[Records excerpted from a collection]
-=-=-

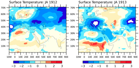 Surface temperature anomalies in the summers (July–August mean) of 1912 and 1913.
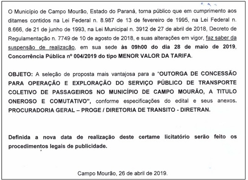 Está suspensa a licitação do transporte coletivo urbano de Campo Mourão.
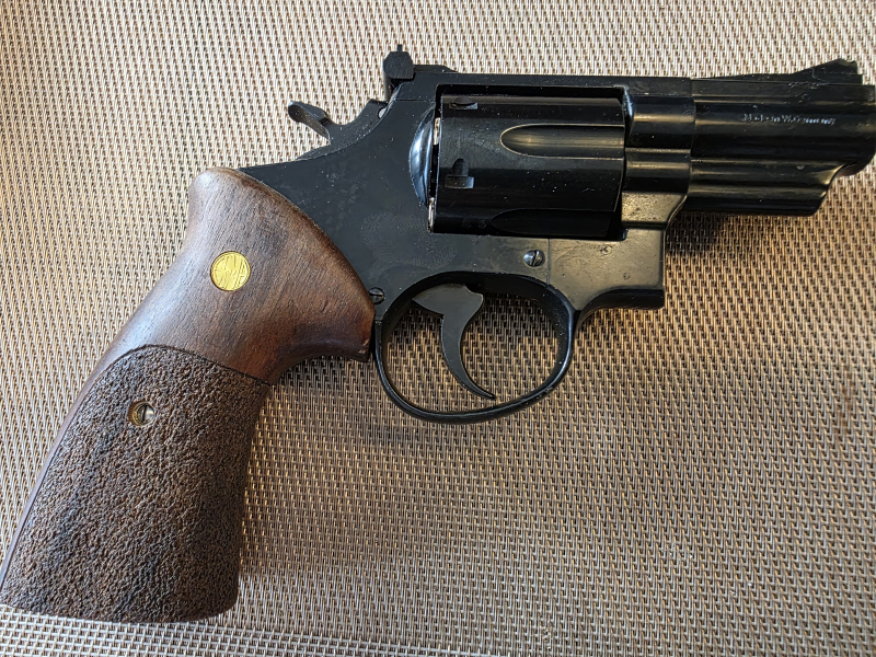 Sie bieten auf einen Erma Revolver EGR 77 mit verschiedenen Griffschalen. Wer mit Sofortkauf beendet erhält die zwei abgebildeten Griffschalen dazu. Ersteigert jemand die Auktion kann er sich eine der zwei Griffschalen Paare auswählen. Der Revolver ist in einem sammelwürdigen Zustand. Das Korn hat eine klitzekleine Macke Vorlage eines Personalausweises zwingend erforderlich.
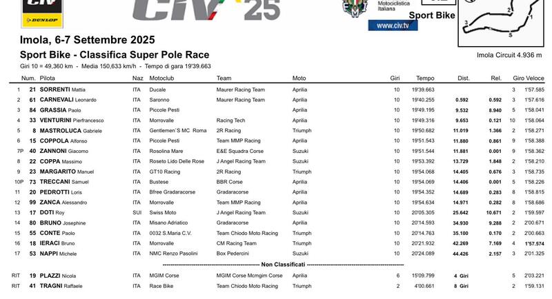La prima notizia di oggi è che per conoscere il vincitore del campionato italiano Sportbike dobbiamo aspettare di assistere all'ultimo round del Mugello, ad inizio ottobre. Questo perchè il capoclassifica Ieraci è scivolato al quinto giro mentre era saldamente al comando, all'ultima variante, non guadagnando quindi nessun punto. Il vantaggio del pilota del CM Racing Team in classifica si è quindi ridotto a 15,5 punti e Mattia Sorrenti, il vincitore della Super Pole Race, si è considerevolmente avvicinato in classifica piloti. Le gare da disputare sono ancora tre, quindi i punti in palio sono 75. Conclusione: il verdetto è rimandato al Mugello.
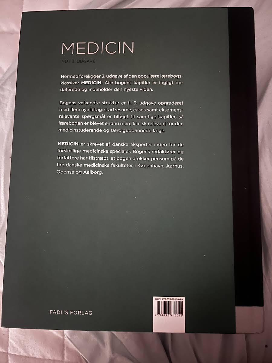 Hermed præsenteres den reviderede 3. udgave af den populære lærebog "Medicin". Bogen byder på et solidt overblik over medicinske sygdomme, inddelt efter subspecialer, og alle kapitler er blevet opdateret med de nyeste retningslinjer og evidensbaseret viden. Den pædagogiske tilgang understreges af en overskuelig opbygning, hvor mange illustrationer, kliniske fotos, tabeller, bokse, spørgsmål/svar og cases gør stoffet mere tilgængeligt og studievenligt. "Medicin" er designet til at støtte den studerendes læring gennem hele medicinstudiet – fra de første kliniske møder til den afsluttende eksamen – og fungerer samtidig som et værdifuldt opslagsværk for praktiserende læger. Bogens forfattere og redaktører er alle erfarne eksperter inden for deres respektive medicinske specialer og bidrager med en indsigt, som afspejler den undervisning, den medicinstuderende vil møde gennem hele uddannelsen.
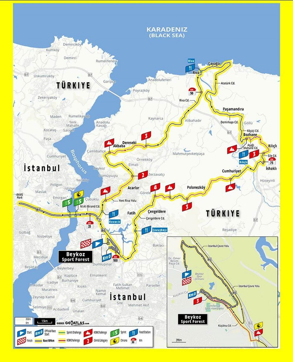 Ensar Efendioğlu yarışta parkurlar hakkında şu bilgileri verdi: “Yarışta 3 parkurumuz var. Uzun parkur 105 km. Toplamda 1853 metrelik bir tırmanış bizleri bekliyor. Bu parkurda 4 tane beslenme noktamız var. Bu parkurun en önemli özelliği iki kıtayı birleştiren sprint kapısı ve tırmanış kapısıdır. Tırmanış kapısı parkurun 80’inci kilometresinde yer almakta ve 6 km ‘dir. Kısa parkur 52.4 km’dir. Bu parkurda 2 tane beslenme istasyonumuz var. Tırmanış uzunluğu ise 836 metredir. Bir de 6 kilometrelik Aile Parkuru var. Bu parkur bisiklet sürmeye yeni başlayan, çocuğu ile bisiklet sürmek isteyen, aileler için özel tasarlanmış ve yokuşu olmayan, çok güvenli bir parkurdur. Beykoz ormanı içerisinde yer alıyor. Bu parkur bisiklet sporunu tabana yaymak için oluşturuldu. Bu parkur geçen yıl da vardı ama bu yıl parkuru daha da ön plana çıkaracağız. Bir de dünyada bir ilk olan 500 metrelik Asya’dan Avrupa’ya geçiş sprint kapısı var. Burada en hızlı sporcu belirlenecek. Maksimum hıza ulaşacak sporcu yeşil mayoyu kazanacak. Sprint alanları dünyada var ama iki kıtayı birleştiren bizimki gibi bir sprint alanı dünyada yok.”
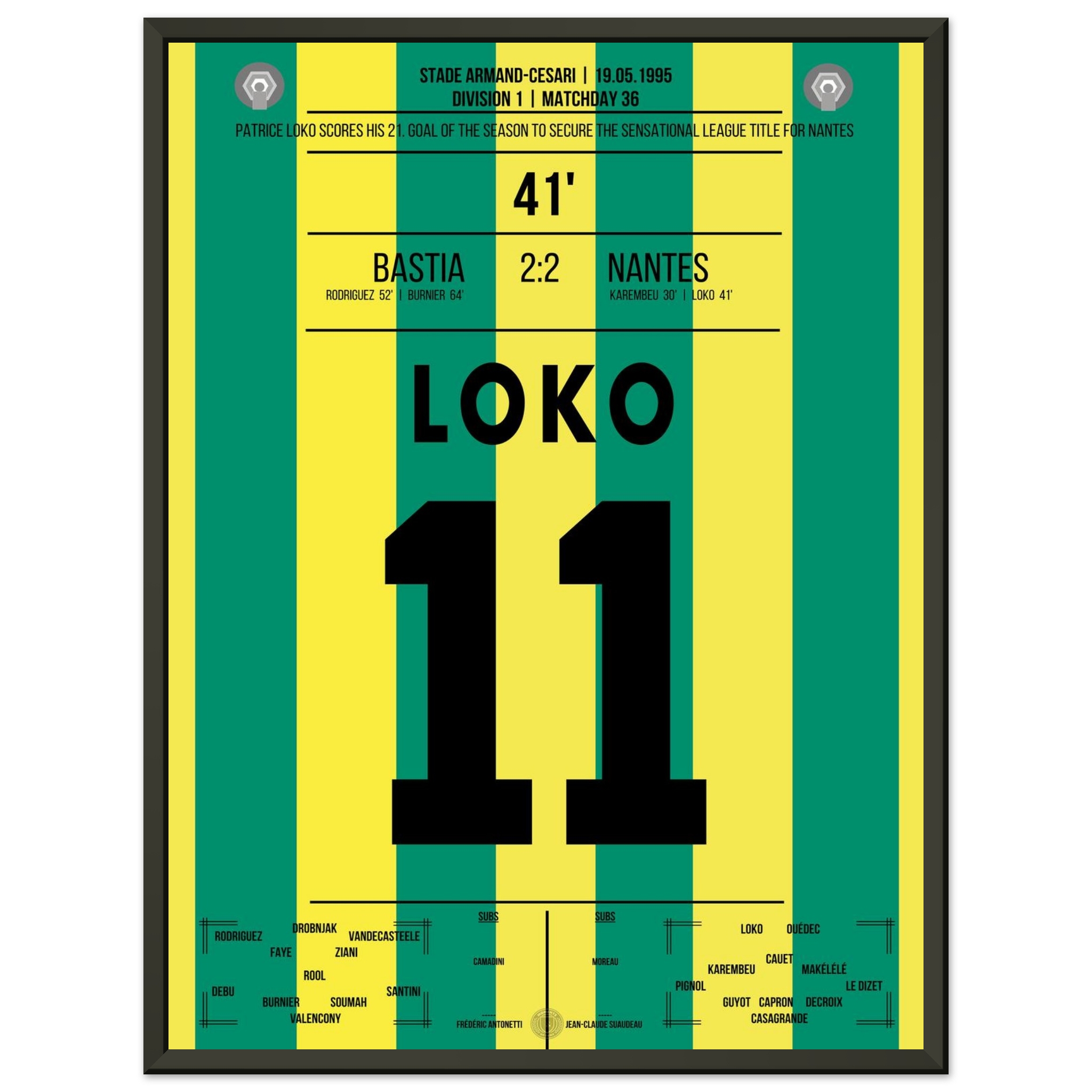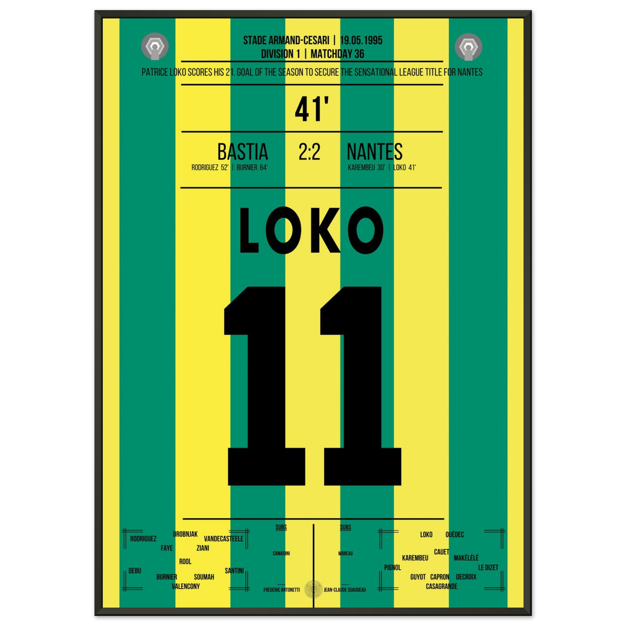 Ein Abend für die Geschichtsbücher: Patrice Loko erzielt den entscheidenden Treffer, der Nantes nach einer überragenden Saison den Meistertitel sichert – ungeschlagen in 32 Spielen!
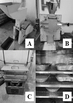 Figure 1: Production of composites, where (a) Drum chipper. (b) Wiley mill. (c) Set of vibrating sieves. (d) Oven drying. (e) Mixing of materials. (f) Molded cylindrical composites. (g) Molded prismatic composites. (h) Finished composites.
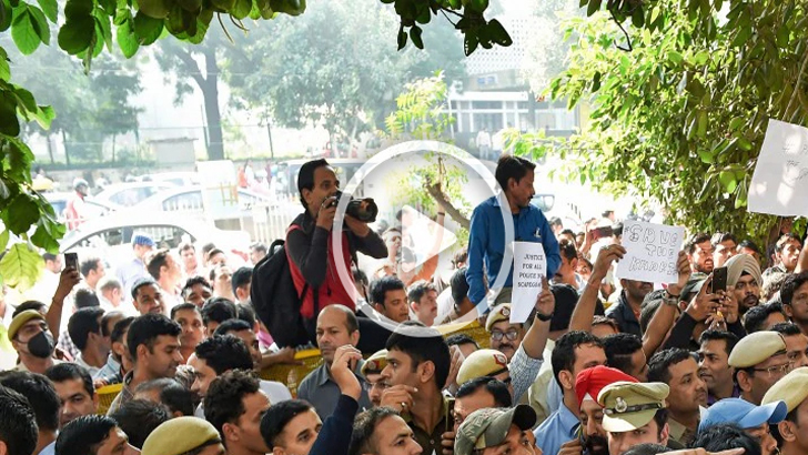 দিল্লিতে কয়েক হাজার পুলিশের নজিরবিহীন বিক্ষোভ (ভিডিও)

-=-=-

• EXERCISE GOAL: Print exactly the lines from the first line of the records above through the line containing "Está suspensa a", leaving out the pictures.

• TASK RESULT:
 Surface temperature anomalies in the summers (July–August mean) of 1912 and 1913.
 Está suspensa a licitação do transporte coletivo urbano de Campo Mourão.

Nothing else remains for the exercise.